The Durable Power of Attorney document should reference that the person giving the authority to the attorney-in-fact
"Waives the restriction imposed by the Health Insurance Portability and Accountability Act, (HIPAA)," which means a person consents to the disclosure by their physicians to the attorney-in-fact the listed medical records. Without this wavier, many physicians and hospitals will not accept a Durable Power of Attorney document.
Practical Usage
If you become physically or mentally incapacitated before death and the power of attorney contains the authority to make medical decisions, the attorney-in-fact appointed under this document can consult with your doctors, nurses, and hospital about your care. They may authorize treatment, surgery, testing and decide about nursing home and other care issues. Our Trust Department considers this document a crucial part of every estate plan.

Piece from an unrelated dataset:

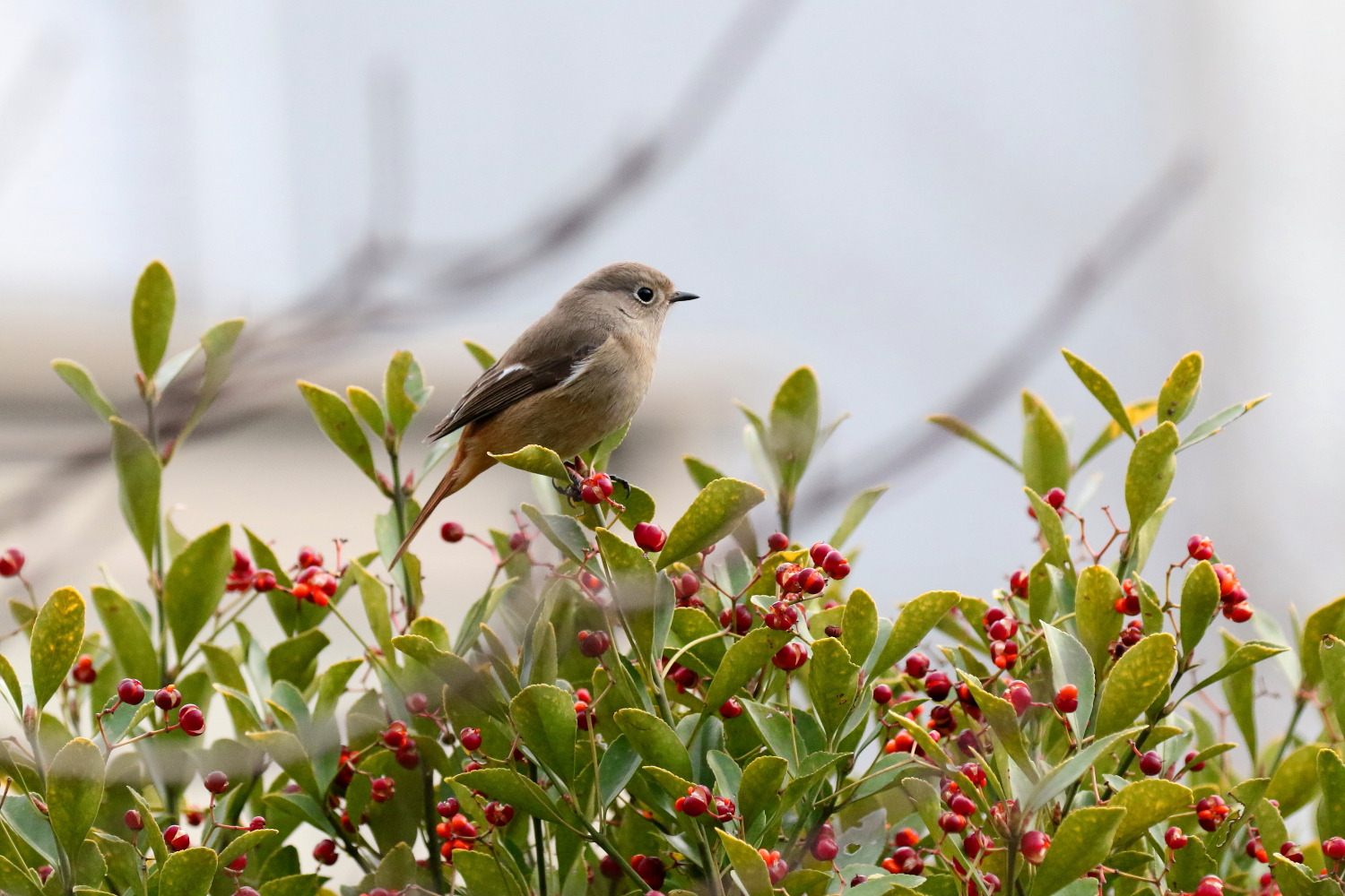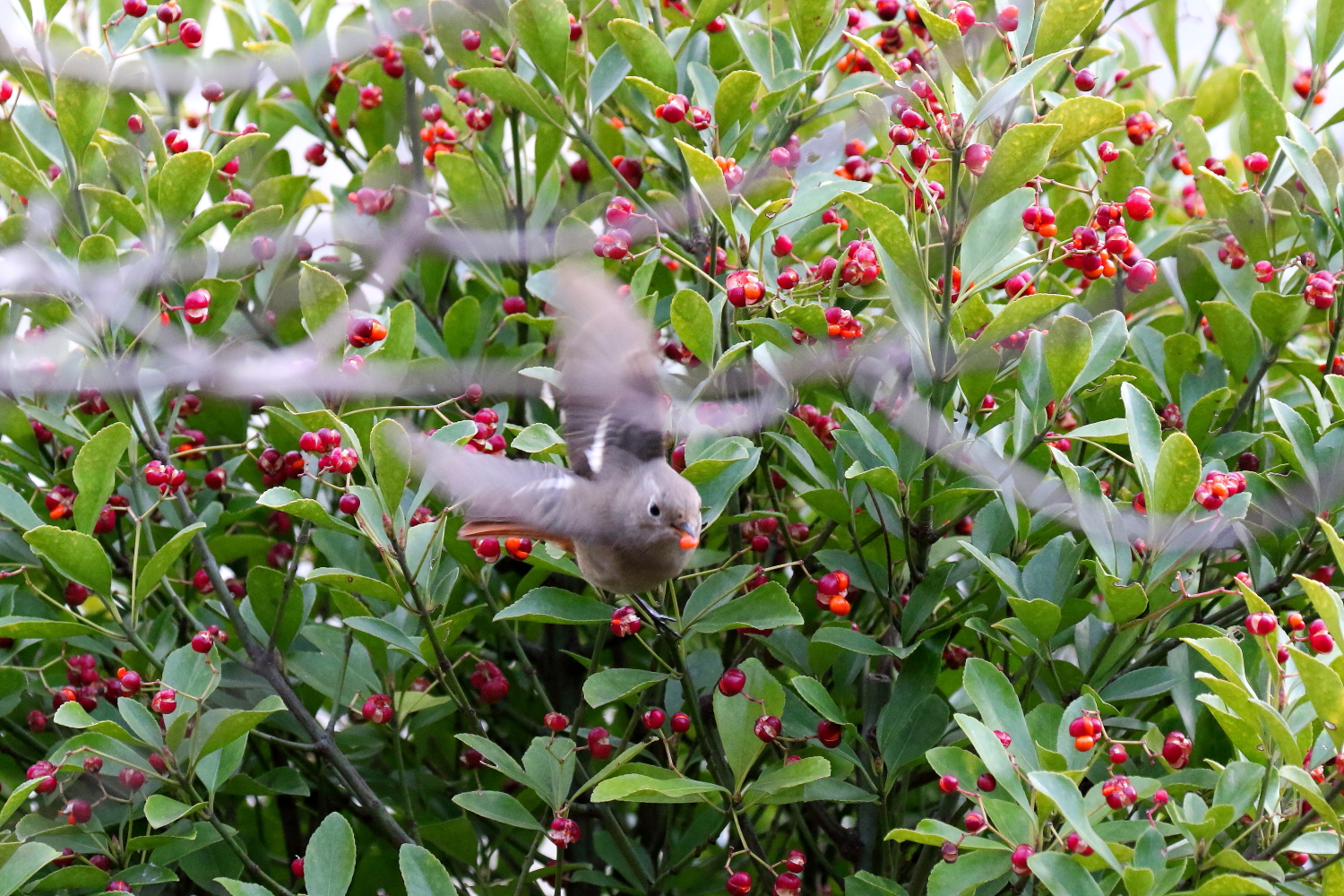 今回は、マサキの樹の上の方でジョウビタキ♀が実を採餌していたので、下の方が見えなかったようで、うまく♂が同じ樹の下の方で実を採餌していました^^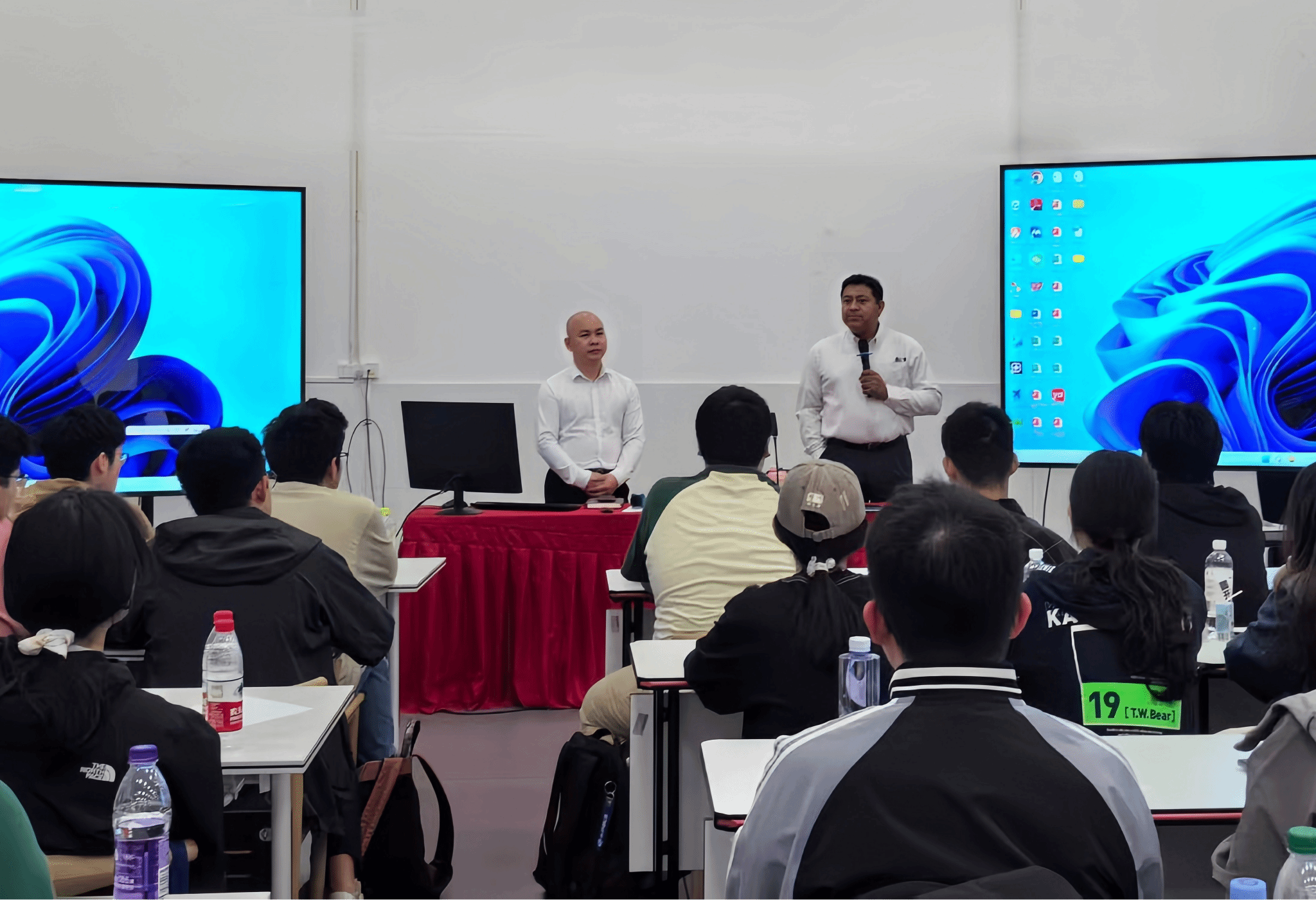 学院特邀专家举办专题讲座为全体学子筑牢思想根基与专业底色。西北工业大学校务委员会副主任万小朋教授以“大国重器、华夏之翼”为题带来专题讲座,立足国家航空航天发展大局,阐释航空事业的战略价值与青年使命;教学副院长王永欣围绕“复合材料与复合效应”开展学术分享,聚焦航空材料核心技术,将前沿理论与工程应用紧密结合,课程内容启思深远。期间,海航技术专家围绕复合材料修理介绍、航空涡轮发动机等核心课程开展系统教学,还组织学子参与空客、波音驻场代表专题分享交流会,搭建中外航空技术交流平台,让学生同步掌握国内标准与国际视野,构建了从理论到产业前沿的完整知识链条。

2. Advanced Directive for Health Care
Oklahoma Health Care Agent Act Title 63 0.5. Sec. 3111.1 et. seq. This Directive deals with instructions to your family and doctors about your wishes to refuse or withdraw artificial food and water, oxygen, etc. if you are in a constant vegetative state (brain dead) or terminally ill. These medical documents should be discussed with your attorney and how they could be helpful to your future medical needs. The individual signing the Advance Directive must answer a series of questions dealing with his or her care, as well as appointing a Health Care Proxy (another agent) to consult with the physicians and enforce the Advance Directive.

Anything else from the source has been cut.